**EXERCISE DIRECTIONS:**
What follows is a set of records; restate each one word for word and drop the pictures.
DATA EXTRACT below:
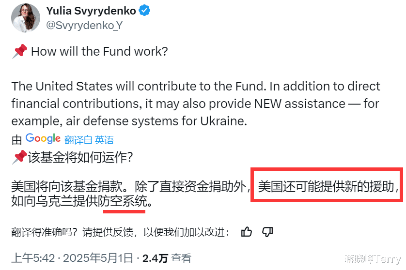 与此同时,美国与乌克兰于在4月30日签署矿产协议,内容没有纳入乌方希望取得的美国安全保证,但乌克兰成功争取到移除偿还条款,无需对美方提供的资金进行还款。也就是美国放弃了把拜登任内对乌3500亿美元军援看成贷款,且须经矿产协议偿还的要求。
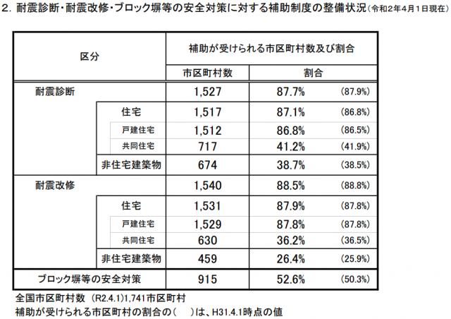 市区町村における耐震改修等に対する補助制度の整備状況では、耐震診断への補助制度が同0.2ポイント減の87.7%(1527市区町村)、耐震改修への補助制度が同0.3ポイント減の88.5%(1540市区町村)、ブロック塀等の安全対策への補助制度が同2.3ポイント増の52.6%(915市区町村)でそれぞれ整備済みだった。
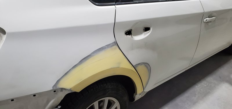 フェンダーはパテまで終わらせて、これからサフェーサーを塗ります。バンパーは割れ補修の工具を使って修理!
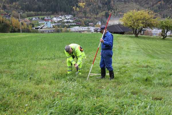 Ca. år: 2020, Høsttur til Loen. Oppmåling av tunteig. Sigurd Lunde (oppmåler) og Håkon slår ned grensemerket.
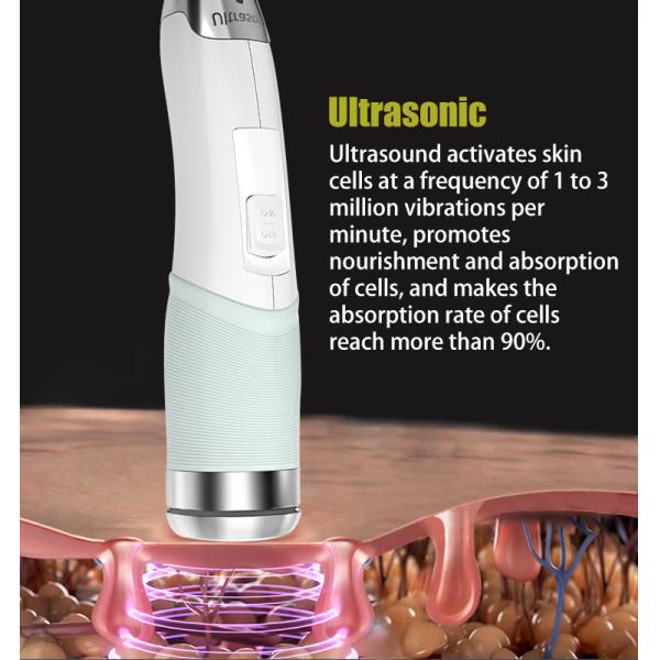![]() | ULTRASONIC INTRODUCTIONS Ultrasound activates skin cells at a frequency of 1 to 3 million vibrations per minutes,promotes nourishment and absorption of cells and makes the absorption rate of cells reach more than 90% |
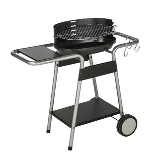 Η ψησταριά κάρβουνου-τρόλεϋ NATERIAL Darius είναι ιδανική για να απολαύσετε πλούσια γεύματα στον κήπο ή τη βεράντα σας. Με διαστάσεις 91 x 52 x 84 cm, προσφέρει άφθονο χώρο για να ψήσετε νόστιμα φαγητά για έως 6 άτομα. Διαθέτει πλέγμα για ρύθμιση ύψους ψησίματος, πλαϊνό ράφι για εύκολη πρόσβαση στα σκεύη και χαμηλότερο ράφι για την αποθήκευση κάρβουνων. Η μαντεμένια εστία της εξασφαλίζει αντοχή και μακροχρόνια χρήση. Είναι εύκολη στον καθαρισμό και συνιστάται να προστατεύεται με κάλυμμα (δεν περιλαμβάνεται) για να διατηρείται σε καλή κατάσταση. Ιδανική επιλογή για τους λάτρεις του μπάρμπεκιου.
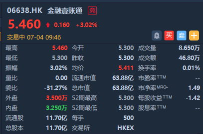 华盛资讯7月4日讯,中国平安旗下金融壹账通 $06638.HK 今日以介绍形式挂牌港股上市,首挂平开,现涨3.02%,报价5.46港元,港股总市值超63亿港元。
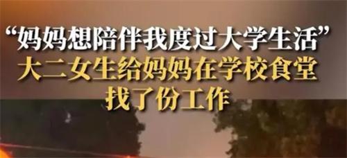 最近陜西師范大學的一名大二女生徐同學登上了熱搜。據了解她的媽媽為了能陪伴女兒上大學,成為學校里的食堂阿姨,在這里主要負責備菜、煮菜和打掃衛生。當事人徐同學介紹,媽媽之前是在老家的村子里面打零工,后來因為自己上大學,媽媽想要陪伴自己,她就在大學食堂里給媽媽找了一份工作。媽媽是在十一假期之后,來到飯堂開始上班的,而徐同學現在每天也都能見到媽媽,晚上能和媽媽一起吃飯或者散步,感覺每天都很幸福。
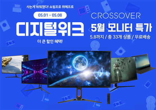 크로스오버는 자사의인기 게이밍 모니터 33종을 대상으로 위메프 5월 디지털위크 특가전을 실시한다고 밝혔다.
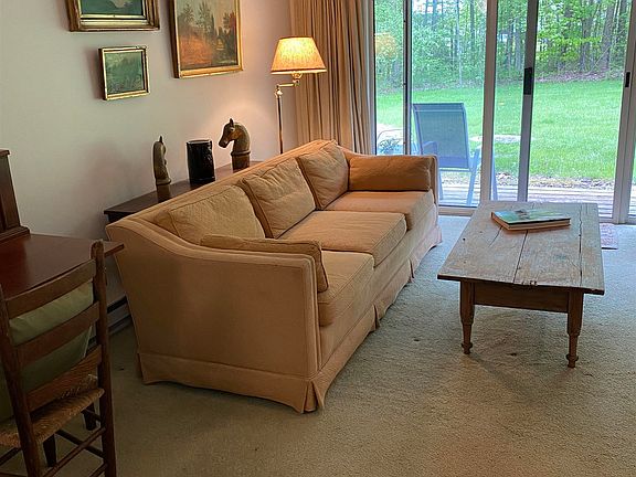 Just two miles from the base of Sugarbush is this one bedroom, ground floor condo. Its a perfect getaway spot in Summer & Winter. The open living area has a fireplace with an electric stove insert as well as a sliding glass door that lets in lots of natural light, and opens onto the patio and large open lawn. It is located near the back of the property in close proximity to the tennis courts. There is a small storage closet outside the entrance that is perfect for skis and other outdoor toys.
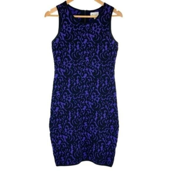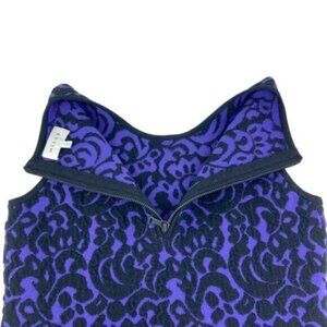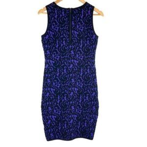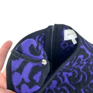 Milly Bodycon Sheath Dress in Purple and Black Brocade Jaquard. Size small. Sleeveless. Crewneck. Back zipper closure. Excellent used condition.
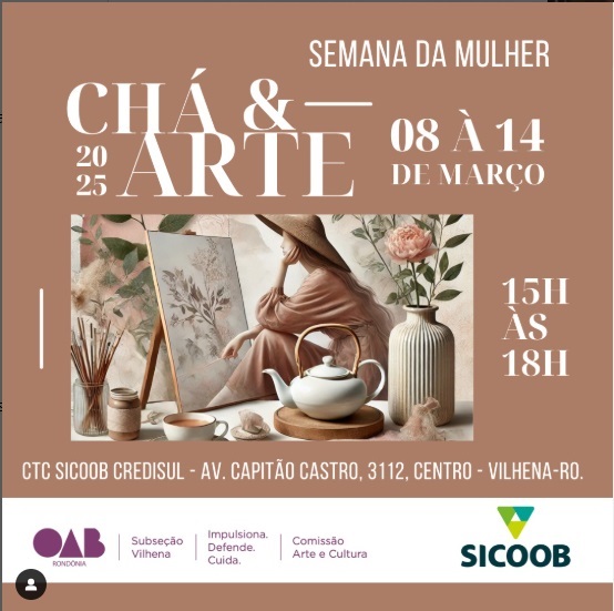 O evento é promovido pela Comissão de Arte e Cultura da OAB Vilhena e o Sicoob Credisul. A iniciativa busca valorizar e inspirar o público feminino por meio de atividades culturais e momentos de conexão.
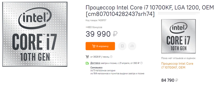 Дорогие модели снизились еще больше, например i7 10700KF упал с 84790 до 39990р. Очень жаль тех, кто, возможно, взял в марте железо по таким ценам.
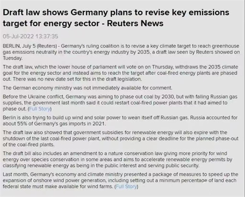 值得一提的是,俄烏沖突的爆發會對全球“碳中和”進程帶來諸多結構性變化。7月11日,“德國取消2035年碳中和目標”相關中文內容在網絡傳播,令國內環保能源界有些發懵。
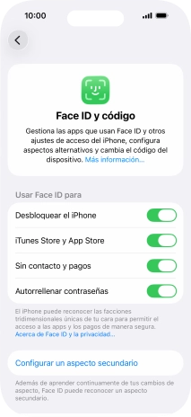Puedes utilizar tu Face ID para desactivar el código de seguridad, acceder a tus apps y autorizar pagos.
End of DATA EXTRACT.
**REPLY TO THE EXERCISE:**
 与此同时,美国与乌克兰于在4月30日签署矿产协议,内容没有纳入乌方希望取得的美国安全保证,但乌克兰成功争取到移除偿还条款,无需对美方提供的资金进行还款。也就是美国放弃了把拜登任内对乌3500亿美元军援看成贷款,且须经矿产协议偿还的要求。
 市区町村における耐震改修等に対する補助制度の整備状況では、耐震診断への補助制度が同0.2ポイント減の87.7%(1527市区町村)、耐震改修への補助制度が同0.3ポイント減の88.5%(1540市区町村)、ブロック塀等の安全対策への補助制度が同2.3ポイント増の52.6%(915市区町村)でそれぞれ整備済みだった。
 フェンダーはパテまで終わらせて、これからサフェーサーを塗ります。バンパーは割れ補修の工具を使って修理!
 Ca. år: 2020, Høsttur til Loen. Oppmåling av tunteig. Sigurd Lunde (oppmåler) og Håkon slår ned grensemerket.
![]() | ULTRASONIC INTRODUCTIONS Ultrasound activates skin cells at a frequency of 1 to 3 million vibrations per minutes,promotes nourishment and absorption of cells and makes the absorption rate of cells reach more than 90% |
 Η ψησταριά κάρβουνου-τρόλεϋ NATERIAL Darius είναι ιδανική για να απολαύσετε πλούσια γεύματα στον κήπο ή τη βεράντα σας. Με διαστάσεις 91 x 52 x 84 cm, προσφέρει άφθονο χώρο για να ψήσετε νόστιμα φαγητά για έως 6 άτομα. Διαθέτει πλέγμα για ρύθμιση ύψους ψησίματος, πλαϊνό ράφι για εύκολη πρόσβαση στα σκεύη και χαμηλότερο ράφι για την αποθήκευση κάρβουνων. Η μαντεμένια εστία της εξασφαλίζει αντοχή και μακροχρόνια χρήση. Είναι εύκολη στον καθαρισμό και συνιστάται να προστατεύεται με κάλυμμα (δεν περιλαμβάνεται) για να διατηρείται σε καλή κατάσταση. Ιδανική επιλογή για τους λάτρεις του μπάρμπεκιου.
 华盛资讯7月4日讯,中国平安旗下金融壹账通 $06638.HK 今日以介绍形式挂牌港股上市,首挂平开,现涨3.02%,报价5.46港元,港股总市值超63亿港元。
 最近陜西師范大學的一名大二女生徐同學登上了熱搜。據了解她的媽媽為了能陪伴女兒上大學,成為學校里的食堂阿姨,在這里主要負責備菜、煮菜和打掃衛生。當事人徐同學介紹,媽媽之前是在老家的村子里面打零工,后來因為自己上大學,媽媽想要陪伴自己,她就在大學食堂里給媽媽找了一份工作。媽媽是在十一假期之后,來到飯堂開始上班的,而徐同學現在每天也都能見到媽媽,晚上能和媽媽一起吃飯或者散步,感覺每天都很幸福。
 크로스오버는 자사의인기 게이밍 모니터 33종을 대상으로 위메프 5월 디지털위크 특가전을 실시한다고 밝혔다.
 Just two miles from the base of Sugarbush is this one bedroom, ground floor condo. Its a perfect getaway spot in Summer & Winter. The open living area has a fireplace with an electric stove insert as well as a sliding glass door that lets in lots of natural light, and opens onto the patio and large open lawn. It is located near the back of the property in close proximity to the tennis courts. There is a small storage closet outside the entrance that is perfect for skis and other outdoor toys.
 Milly Bodycon Sheath Dress in Purple and Black Brocade Jaquard. Size small. Sleeveless. Crewneck. Back zipper closure. Excellent used condition.
 O evento é promovido pela Comissão de Arte e Cultura da OAB Vilhena e o Sicoob Credisul. A iniciativa busca valorizar e inspirar o público feminino por meio de atividades culturais e momentos de conexão.
 Дорогие модели снизились еще больше, например i7 10700KF упал с 84790 до 39990р. Очень жаль тех, кто, возможно, взял в марте железо по таким ценам.
 值得一提的是,俄烏沖突的爆發會對全球“碳中和”進程帶來諸多結構性變化。7月11日,“德國取消2035年碳中和目標”相關中文內容在網絡傳播,令國內環保能源界有些發懵。
Puedes utilizar tu Face ID para desactivar el código de seguridad, acceder a tus apps y autorizar pagos.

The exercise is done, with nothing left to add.